How do people attain the temperatures necessary to test efficiency claims? 45 C works out to roughly 113 degrees F, and I doubt open air testing in Death Valley or heating a room up that high is an option. How are those environmental conditions simulated on the test bed?

Thanks.
 
In an incubator.
Well I suppose that's a pretty simple and obvious answer now that it's in front of me...:cool:

For a "blow shit up" follow up....at what sort of temperatures do massive failures start happening? Does efficiency drop off really quickly after the rated temp is reached, or do they tolerate unreasonable heat loads fairly well?
 
Well I suppose that's a pretty simple and obvious answer now that it's in front of me...:cool:

For a "blow shit up" follow up....at what sort of temperatures do massive failures start happening? Does efficiency drop off really quickly after the rated temp is reached, or do they tolerate unreasonable heat loads fairly well?

It depends. Usually most any power supply will start and run at 45c. It's just the temperature causes the units to lose capacity (de-rate) for evey degree over the temperature that its capacity was determined at. For intstance the FSP Epsilon based units have a rather nasty derating curve of 10w/c over 25c. So a 1000w unit at 45c actually is only capable of ~800w. Other power supplies de-rate at different rates some better some worse. Most of the time a unit when it overheats or is pushed beyond the derating curve will just shut down. Then after cooling off will come back on later and run the lower loads so it never really has a massive failure.
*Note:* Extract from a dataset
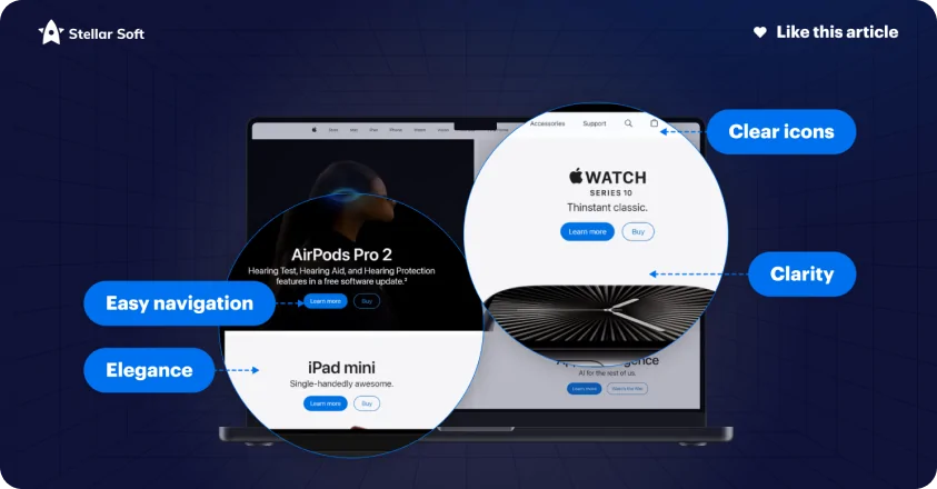 Known for its clean and elegant design, Apple’s navigation is a masterclass in directing users intuitively to its array of products and services without any distractions.
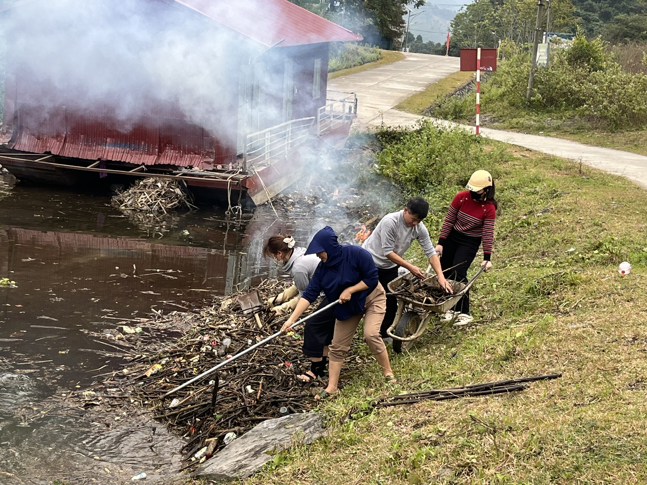 Tại buổi ra quân, cán bộ, viên chức và người lao động Trung tâm Dịch vụ Công xã Nà Hang đã huy động nhân lực, thuyền, lưới tiên hành thu gom, xử lý hơn hàng chục mét khối rác rác thải, góp phần tạo cảnh quan môi trường xanh – sạch – đẹp, bảo đảm mỹ quan và an toàn cho du khách.

Other units will die when this occurs but in a controlled manner. Other less well made units would for all intents and purposes be described as "explode" or have a massive failure. In general I can spot these coming as the exhuast temperature will sky rocket, or the voltages plunge, or the oscope trace goes south. So i guess the moral is good units tolerate the heat well and if they die they do so in a controlled manner, bad units melt, explode, catch on fire, or let out the magic smoke. As for efficiency it again depends on what the unit was rated at but in general I see a 1-2% drop over room temperature for good units.
 
Good info, thanks.

I'm not really sure why I was suddenly interested in the performance of PSU's under extreme conditions that are never encountered in real life, but thanks to everyone for indulging the random query. :cool:
 
It depends. Usually most any power supply will start and run at 45c. It's just the temperature causes the units to lose capacity (de-rate) for evey degree over the temperature that its capacity was determined at. For intstance the FSP Epsilon based units have a rather nasty derating curve of 10w/c over 25c. So a 1000w unit at 45c actually is only capable of ~800w. Other power supplies de-rate at different rates some better some worse. Most of the time a unit when it overheats or is pushed beyond the derating curve will just shut down. Then after cooling off will come back on later and run the lower loads so it never really has a massive failure. Other units will die when this occurs but in a controlled manner. Other less well made units would for all intents and purposes be described as "explode" or have a massive failure. In general I can spot these coming as the exhuast temperature will sky rocket, or the voltages plunge, or the oscope trace goes south. So i guess the moral is good units tolerate the heat well and if they die they do so in a controlled manner, bad units melt, explode, catch on fire, or let out the magic smoke. As for efficiency it again depends on what the unit was rated at but in general I see a 1-2% drop over room temperature for good units.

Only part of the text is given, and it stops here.